What should I do if I am unable to scan the test stick while performing the BD Veritor™️ At-Home COVID-19* Test?

The Scanwell® App requires access to your camera in order to complete this step. Please ensure you have enabled camera access for the Scanwell® App in your smartphone settings.

Find a clean, flat, non-reflective working surface indoors with bright and even lighting. Window light is preferable, but avoid harsh light and nearby shadows. Do not test outside. Clean your camera lens, and make sure the entire scan card is visible on your screen when scanning. The test stick should be placed in the center of the scan card within the outline. Daylight is preferable for testing. If using household light, you should be close to, but not directly underneath, the light. If you continue to have issues, try moving to another room.
Overhead or ceiling lights can cause shadows. Your camera can detect faint shadows that you may not see. If you experience persistent issues, move to a different room or try switching off any overhead or ceiling lighting and use a desk lamp instead. You may need to move the scan card and test stick away from intensely bright lights due to glare.
The Scanwell® App will provide feedback to help you complete the scan. Please refer to the onscreen instructions for more information on how to successfully perform the scan. The test stick cannot be analyzed after the 5 minute scanning timer and analyzing the test stick after the 5 minute scanning timer can lead to inaccurate test results. If you are still unable to complete this step despite following the instructions, please call the BD Customer Care team at 844-4-VERITOR (844-483-7486) for more information on what to do next.
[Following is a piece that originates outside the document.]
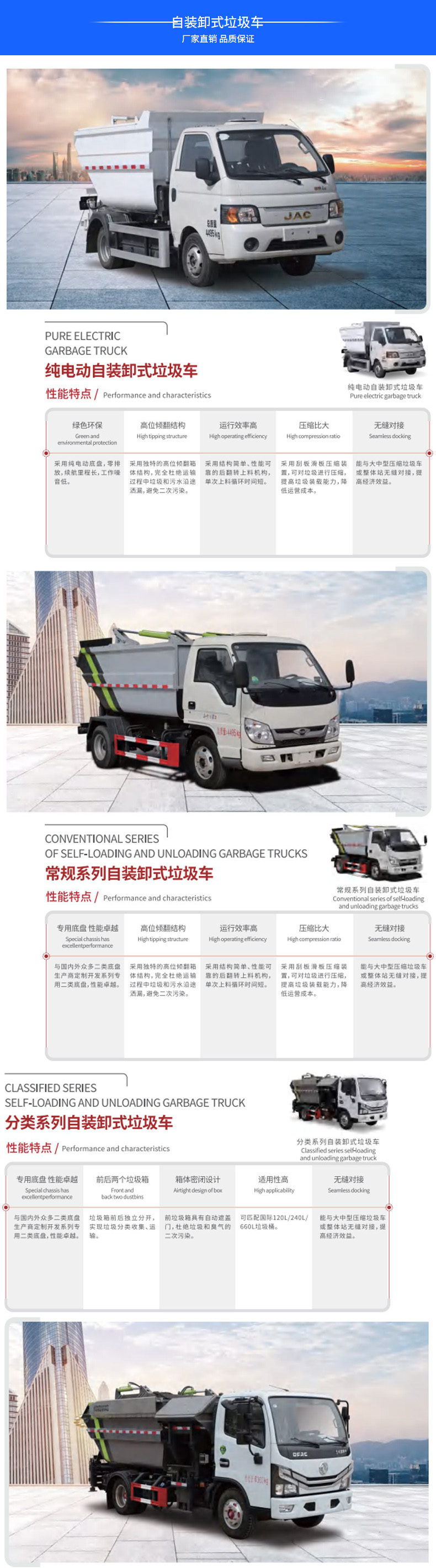垃圾車價格_純電動垃圾車_江淮小型純電動自裝卸式垃圾車★13908669111★產品名稱CSC5041ZZZJHBEV型純電動自裝卸式垃圾車,采用江淮HFC1041EV5Z底盤改裝而成,該車主要專用裝置為垃圾箱、翻轉上料裝置、舉升卸料裝置、填壓機構、液壓系統等,主要用于垃圾收集清運。卸料方式為后卸式。整車美觀大方,全液壓配置多重保護能與大中型壓縮垃圾車或整體站無縫對接,提高經濟效益。更多垃圾車盡在:m.serwongfun1895.com

*This product has not been FDA cleared or approved, but has been authorized by FDA under an Emergency Use Authorization. This product has been authorized only for the detection of proteins from SARS-CoV-2, not for any other viruses or pathogens. The emergency use of this product is only authorized for the duration of the declaration that circumstances exist justifying the authorization of emergency use of in vitro diagnostics for detection and/or diagnosis of COVID-19 under Section 564(b)(1) of the Federal Food, Drug and Cosmetic Act, 21 U.S.C § 360bbb-3(b)(1), unless the declaration is terminated or authorization is revoked sooner.